- Born: Carlos Alejandro Campo September 5, 1958 (age 67) Miami Beach, Florida, U.S.
- Education: University of Nevada, Las Vegas (BA, MA, PhD)
- Occupation: Chief Executive Officer
- Employer: Museum of the Bible
- Spouse: Karen Campo
- Parent(s): Pupi Campo Betty Clooney
- Relatives: Rosemary Clooney (aunt); Nick Clooney (uncle); George Clooney (cousin); Miguel Ferrer (cousin); Rafael Ferrer (cousin);

= Carlos Alejandro Campo =

American academic administrator

Carlos Alejandro Campo (born September 5, 1958) is an American academic administrator, who is the CEO of the Museum of the Bible in Washington, D.C.
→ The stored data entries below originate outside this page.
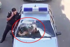 Ռուսաստանում կիսամերկ կինը ջարդում է ոստիկանական մեքենայի դիմապակին՝ ավտոմեքենայ...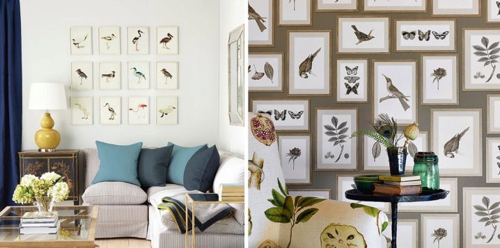 La combinaison de différents motifs ou dessins doit être bien pensée, en coordonnant toujours la couleur de l’ornement. Bonnes idées - rassembler dans une pièce un motif abstrait et géométrique, ou montrer un ornement floral dans un endroit et imiter des matériaux naturels dans un autre.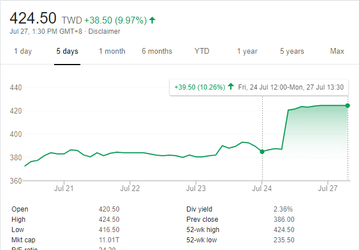 Известие, что Intel будет заказывать выпуск продукции у TSMC, вывело акции TSMC на 12 место в мире по суммарной стоимости

Campo was previously the president of Ashland University in Ashland, Ohio, from July 2015 to June 2024 and of Regent University from August 2010 to October 2013. He was also an education consultant for the Bill & Melinda Gates Foundation.

== Presidential tenure ==
Campo worked with the US Department of Education to expand the university's correctional education program, and AU became one of 69 schools to be chosen to participate in the Pell Experimental Site Initiative (Pell ESI). Since that time, the program has been recognized for providing access to thousands of incarcerated individuals, and as of 2021 was among the nation's largest.

In April 2020, Campo announced pay cuts to hundreds of Ashland University faculty, including cutting his own salary by 18%. Campo identified the COVID-19 pandemic as the prompt for the pay cuts. In the spring of 2021, Campo said that those who had salaries cut would have them restored and would receive back-pay for the amount their salaries had been cut.
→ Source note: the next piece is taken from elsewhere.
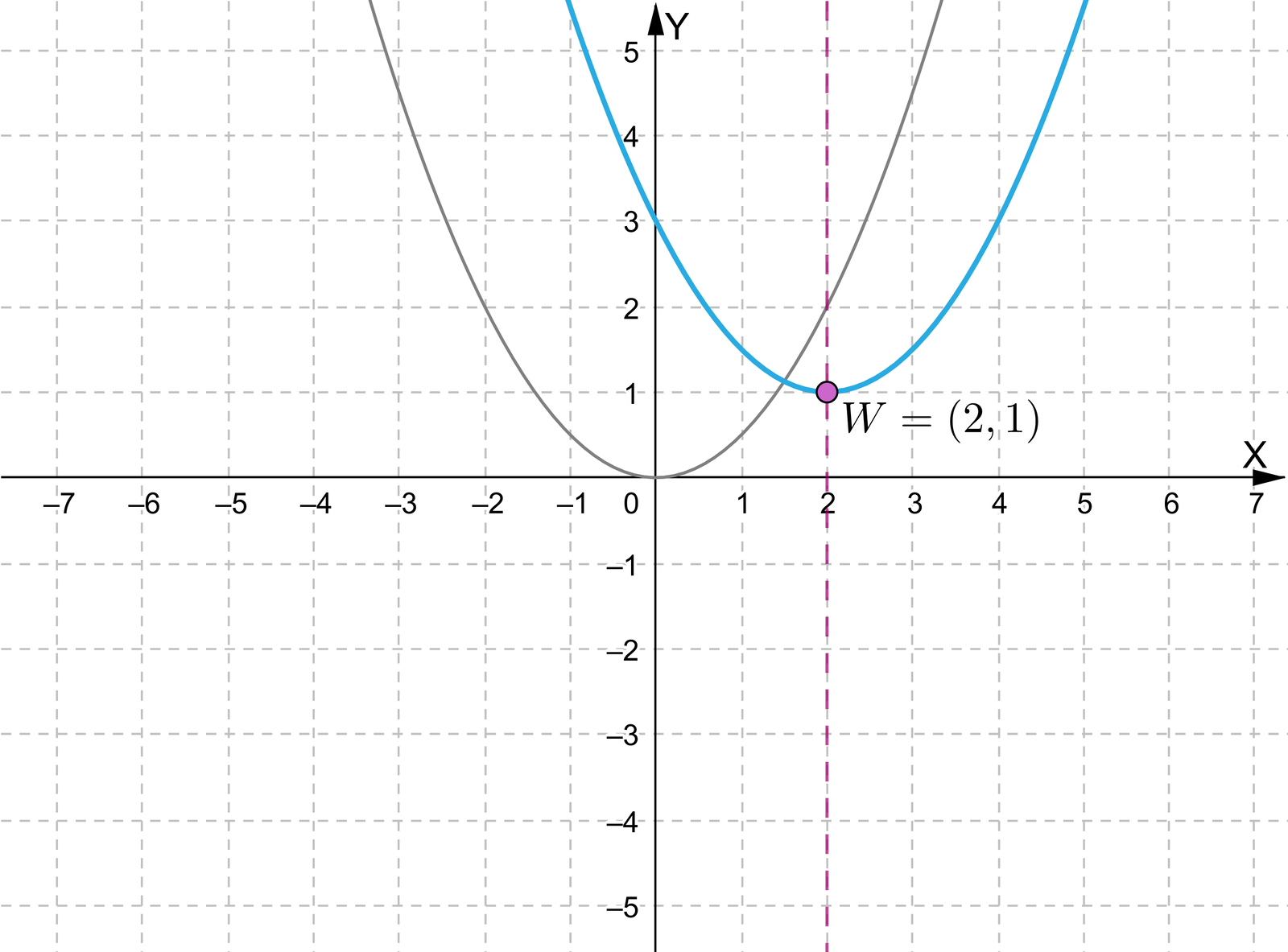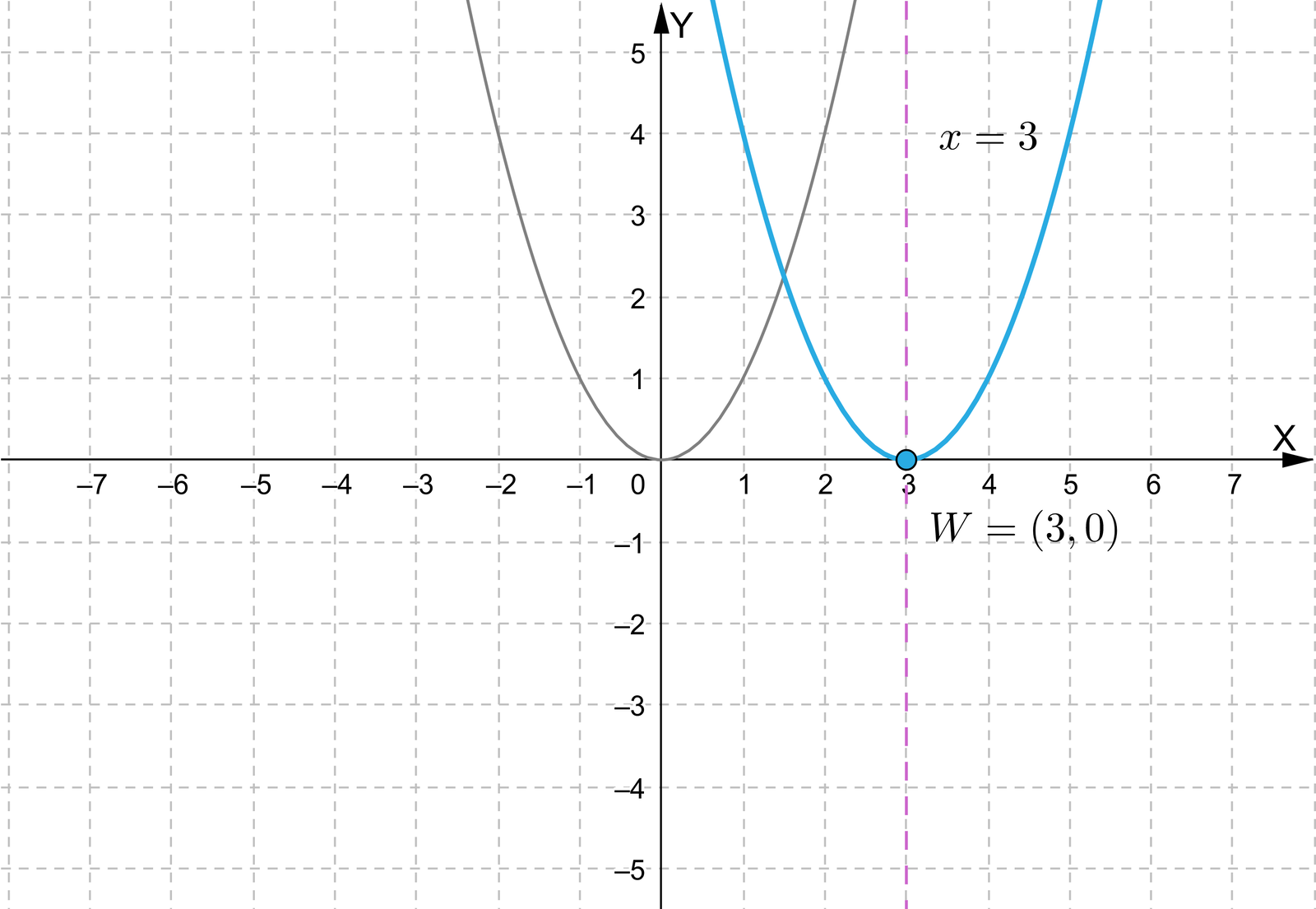 Przesuńmy parabolę, będącą wykresem funkcji o jednostki w prawo, wzdłuż osi . W ten sposób otrzymujemy parabolę, będącą wykresem funkcji .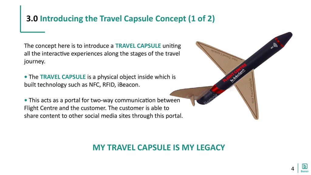 3.1 The Travel Capsule Concept Unique to Fight Centre (2 of 2)We foresee the following use for the TRAVEL CAPSULE:

The faculty senate of Ashland University held a private meeting in which they held a vote of "no confidence" in current president Campo. The vote passed 34–1. The vote was called after Campo set a motion to "sunset" or cut the university's program offerings from over 70 down to 25.

In October 2020, the University's board of trustees unanimously voted to extend Campo's contract through May 31, 2024.

==Achievements and associations==

In 2016, Campo was awarded the University of Nevada Las Vegas Alumni Association's Alumnus of the Year award.

Campo is currently on the advisory board of the Social Capital Campaign and the Museum of the Bible.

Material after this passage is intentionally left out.